As organizations increasingly integrate AI agents across diverse roles and functions by 2026, a critical, often overlooked, challenge emerges: robust governance and seamless inter-agent collaboration. IDC’s recent enterprise technology predictions highlight a stark reality: by 2030, a significant portion of Global 1000 companies could face substantial legal repercussions, hefty fines, and even dismissals of Chief Information Officers due to inadequate controls and governance of their AI agents.
This looming threat underscores the necessity of establishing clear guardrails and ensuring that these intelligent agents can not only function effectively but also transact with each other. Patrick Tobler, founder and CEO of blockchain infrastructure platform NMKR, is at the forefront of addressing this challenge through an innovative fusion of agentic AI and decentralization.
The Masumi Network, a collaborative effort between NMKR and Serviceplan Group, launched in late 2024. It operates as a framework-agnostic infrastructure designed to empower developers in building autonomous agents capable of collaboration, service monetization, and verifiable trust.
Tobler articulates the core vision: “The future will witness billions of AI agents from disparate companies interacting. The current hurdle lies in enabling agents from different organizations to communicate and exchange value securely and efficiently.”
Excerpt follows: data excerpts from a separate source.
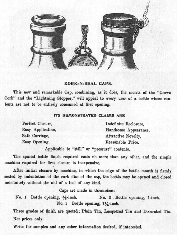 There have been many kinds of closures for bottles, ever since glass and pottery have been used for container materials. Roman and Grecian containers used straw, rags, leather, and the like, luted (sealed) with clay, resins, natural waxes , and other binders. Some of those newly discovered had their closures intact. I well remember the potato that closed the spout of the coal-oil can, and the pottery jug of something or other that grandfather kept hidden in the barn, stoppered with a corn cob.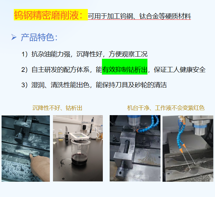 3、出色的润滑和极压特征,有效提高刀具寿命和工件表面光洁度;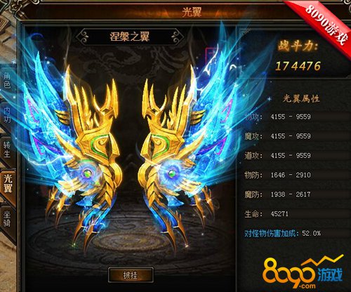 之所以要说羽翼是因为第一他靓丽的外形第二就是他的属性了,其实在8090天地诸神中光翼就是通常所说的羽翼,升级后可以增加基础的三维攻击以及防御、生命、对怪物伤害加成,也是刷怪对决中的重要因素。

Consider a scenario in the travel industry: your personal AI agent could seamlessly book a flight with an airline’s AI agent for an upcoming industry conference, all while managing your hotel reservations. Such an experience hinges on an implicit, yet crucial, layer of trust.
“Masumi operates as a decentralized network of agents, obviating reliance on any single, centralized payment infrastructure,” Tobler explains. “Agents are equipped with integrated wallets, enabling direct, trustless stablecoin transactions between them. This facilitates secure and seamless interaction.”
Tobler, with extensive experience in the cryptocurrency space, observed that the solutions developed for human adoption of blockchain technology might be ideally suited for AI agents. “We’ve solved many complex issues in crypto for humans, but I realized these solutions might be better targeted,” he notes. “For humans, navigating crypto wallets and blockchains presents a steep learning curve. AI agents, however, are unburdened by user experience challenges; these decentralized mechanisms are native to their operational paradigm.”
He posits that the very problems arising from the interaction of millions, or even billions, of AI agents have already been addressed and solved within the realm of cryptocurrency.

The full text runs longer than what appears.